INFORMATION SHOWN ::
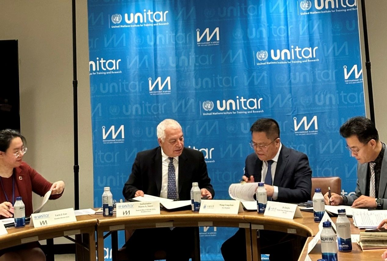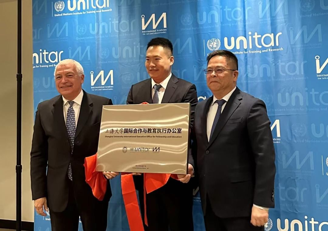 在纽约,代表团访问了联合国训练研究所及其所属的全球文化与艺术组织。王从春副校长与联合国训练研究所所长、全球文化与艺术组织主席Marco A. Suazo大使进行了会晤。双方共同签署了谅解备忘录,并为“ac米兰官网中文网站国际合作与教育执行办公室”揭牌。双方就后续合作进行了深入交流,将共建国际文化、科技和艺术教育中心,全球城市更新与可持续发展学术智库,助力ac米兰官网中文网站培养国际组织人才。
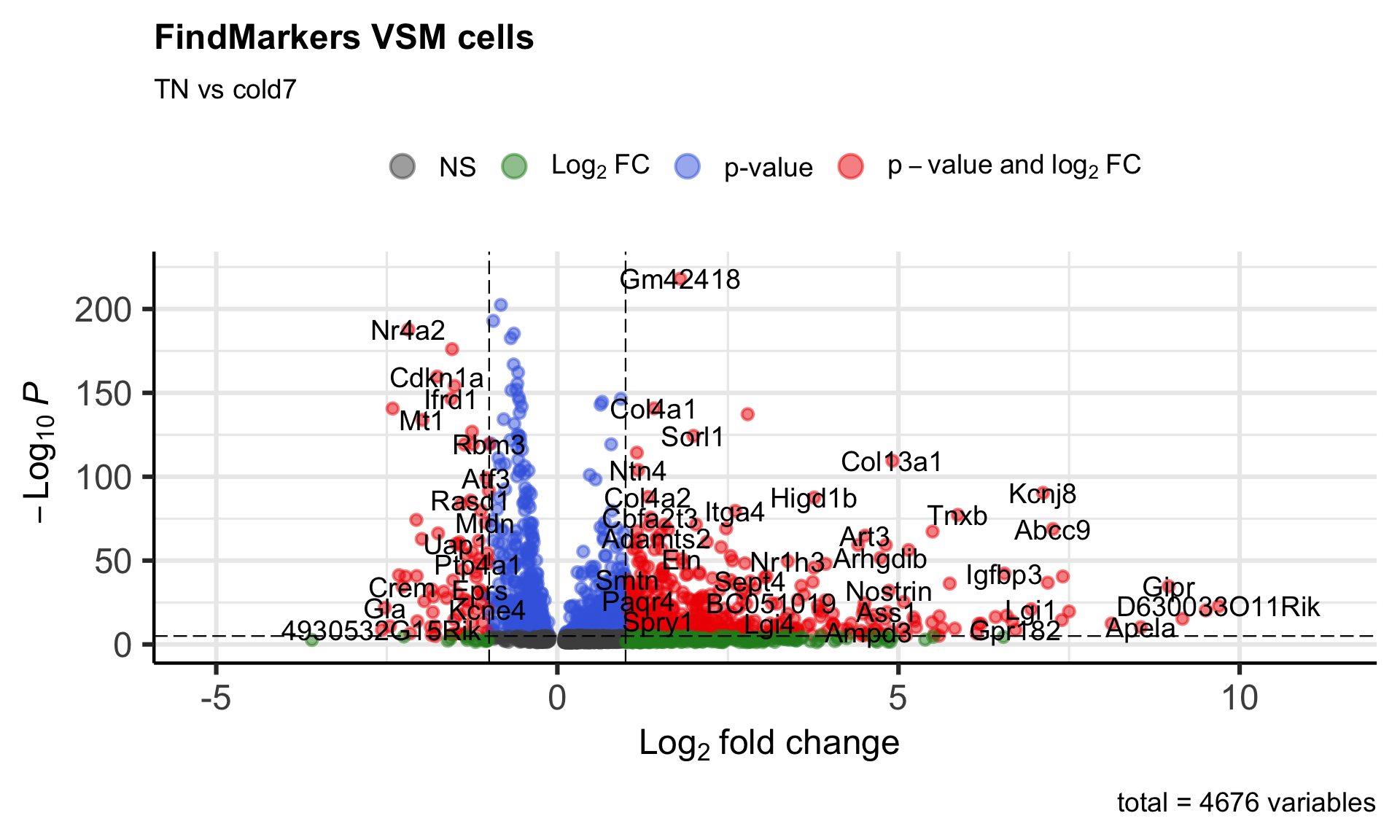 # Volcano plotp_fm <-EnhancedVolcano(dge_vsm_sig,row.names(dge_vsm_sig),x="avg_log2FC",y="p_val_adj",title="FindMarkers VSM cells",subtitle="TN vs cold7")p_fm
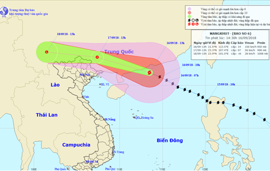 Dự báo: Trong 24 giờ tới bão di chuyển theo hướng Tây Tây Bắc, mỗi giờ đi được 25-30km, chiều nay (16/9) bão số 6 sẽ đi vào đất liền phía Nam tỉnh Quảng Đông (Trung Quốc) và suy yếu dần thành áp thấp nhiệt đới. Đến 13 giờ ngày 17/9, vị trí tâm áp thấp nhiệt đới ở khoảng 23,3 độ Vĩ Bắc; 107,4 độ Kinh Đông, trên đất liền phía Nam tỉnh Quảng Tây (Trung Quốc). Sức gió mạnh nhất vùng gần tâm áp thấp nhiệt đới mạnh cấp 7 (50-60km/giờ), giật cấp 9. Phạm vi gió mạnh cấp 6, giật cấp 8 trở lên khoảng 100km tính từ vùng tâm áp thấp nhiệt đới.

WHAT YOU NEED TO DO :: Print only the lines from the line that contains "# Volcano plotp_fm" to the final line of the data, inclusive. Pictures stay out.

EXERCISE RESULT ::
 # Volcano plotp_fm <-EnhancedVolcano(dge_vsm_sig,row.names(dge_vsm_sig),x="avg_log2FC",y="p_val_adj",title="FindMarkers VSM cells",subtitle="TN vs cold7")p_fm
 Dự báo: Trong 24 giờ tới bão di chuyển theo hướng Tây Tây Bắc, mỗi giờ đi được 25-30km, chiều nay (16/9) bão số 6 sẽ đi vào đất liền phía Nam tỉnh Quảng Đông (Trung Quốc) và suy yếu dần thành áp thấp nhiệt đới. Đến 13 giờ ngày 17/9, vị trí tâm áp thấp nhiệt đới ở khoảng 23,3 độ Vĩ Bắc; 107,4 độ Kinh Đông, trên đất liền phía Nam tỉnh Quảng Tây (Trung Quốc). Sức gió mạnh nhất vùng gần tâm áp thấp nhiệt đới mạnh cấp 7 (50-60km/giờ), giật cấp 9. Phạm vi gió mạnh cấp 6, giật cấp 8 trở lên khoảng 100km tính từ vùng tâm áp thấp nhiệt đới.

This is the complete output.